Geothermal energy is the energy stored in the form of heat below the earth’s surface. Its potential is limitless in human terms and its energy is comparable to the sun. Geothermal heat and water have been used for thousands of years. The Romans, Chinese and Native Americans used hot mineral springs for bathing, cooking and for therapeutic purposes.
Today geothermal water is used in many applications such as district heating, systems which provide steam or hot water to multiple units, as well as for heating and cooling of individual buildings, including offices, shops and residential houses, by using geothermal heat pumps. Moreover, it has industrial potential for raising plants in greenhouses, drying crops, heating water at fish farms and other industrial processes.
For close to 100 years geothermal energy has also been used for electricity generation. Today, so called Enhanced Geothermal Systems (EGS, also known as Hot Dry Rock), enable the exploitation of the Earth’s heat for producing electricity without having natural water resources.

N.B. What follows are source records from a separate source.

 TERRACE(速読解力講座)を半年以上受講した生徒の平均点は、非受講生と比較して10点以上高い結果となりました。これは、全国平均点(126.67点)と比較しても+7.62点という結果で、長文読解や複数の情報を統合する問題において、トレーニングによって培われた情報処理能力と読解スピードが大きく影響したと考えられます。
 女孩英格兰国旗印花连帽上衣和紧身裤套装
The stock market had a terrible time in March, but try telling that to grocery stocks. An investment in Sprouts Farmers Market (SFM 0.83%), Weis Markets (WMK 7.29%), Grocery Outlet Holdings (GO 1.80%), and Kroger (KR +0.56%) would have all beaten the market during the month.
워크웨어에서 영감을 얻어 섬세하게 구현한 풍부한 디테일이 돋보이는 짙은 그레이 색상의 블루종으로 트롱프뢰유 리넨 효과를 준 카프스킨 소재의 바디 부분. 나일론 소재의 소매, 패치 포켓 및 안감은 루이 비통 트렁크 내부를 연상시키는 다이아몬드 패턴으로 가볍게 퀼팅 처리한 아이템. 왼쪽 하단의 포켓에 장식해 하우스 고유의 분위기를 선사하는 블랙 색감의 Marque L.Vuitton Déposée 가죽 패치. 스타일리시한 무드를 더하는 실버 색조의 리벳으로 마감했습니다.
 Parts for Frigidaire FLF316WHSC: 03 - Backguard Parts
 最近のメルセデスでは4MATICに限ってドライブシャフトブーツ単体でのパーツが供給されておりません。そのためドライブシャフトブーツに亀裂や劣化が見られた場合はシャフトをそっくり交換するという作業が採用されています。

To extract energy from hot impermeable rock, water is injected from the surface into boreholes in order to widen them and create some fractures in the hot rock. Flowing through these holes, the water heats up and, when it returns to the surface, it is used for generating electricity.
Clean, renewable, constant and available worldwide, geothermal energy is already being used in a large number of thermal and electric power plants.